SOURCE MATERIAL ::
-------
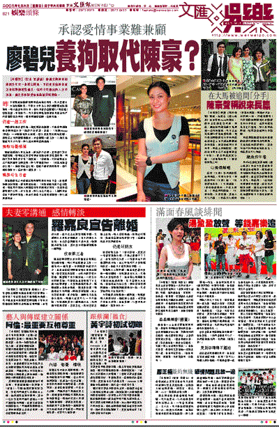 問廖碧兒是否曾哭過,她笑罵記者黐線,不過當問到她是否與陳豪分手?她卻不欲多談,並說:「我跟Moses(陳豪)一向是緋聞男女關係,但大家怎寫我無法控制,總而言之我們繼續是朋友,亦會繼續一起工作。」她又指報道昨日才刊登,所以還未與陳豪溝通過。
-------
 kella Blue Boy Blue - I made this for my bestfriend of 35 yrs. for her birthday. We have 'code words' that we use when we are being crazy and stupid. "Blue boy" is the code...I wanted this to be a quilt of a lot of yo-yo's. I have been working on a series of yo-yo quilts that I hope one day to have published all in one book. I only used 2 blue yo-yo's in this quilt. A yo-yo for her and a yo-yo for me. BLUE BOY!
-------
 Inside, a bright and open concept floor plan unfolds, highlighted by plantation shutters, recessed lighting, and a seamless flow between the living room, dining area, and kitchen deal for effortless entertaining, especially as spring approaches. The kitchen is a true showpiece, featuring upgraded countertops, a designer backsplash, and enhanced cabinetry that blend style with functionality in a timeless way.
-------
WHAT YOU ARE ASKED TO DO ::
In the listing above, find each line with "that" and copy it.

ANSWER ::
 kella Blue Boy Blue - I made this for my bestfriend of 35 yrs. for her birthday. We have 'code words' that we use when we are being crazy and stupid. "Blue boy" is the code...I wanted this to be a quilt of a lot of yo-yo's. I have been working on a series of yo-yo quilts that I hope one day to have published all in one book. I only used 2 blue yo-yo's in this quilt. A yo-yo for her and a yo-yo for me. BLUE BOY!
 Inside, a bright and open concept floor plan unfolds, highlighted by plantation shutters, recessed lighting, and a seamless flow between the living room, dining area, and kitchen deal for effortless entertaining, especially as spring approaches. The kitchen is a true showpiece, featuring upgraded countertops, a designer backsplash, and enhanced cabinetry that blend style with functionality in a timeless way.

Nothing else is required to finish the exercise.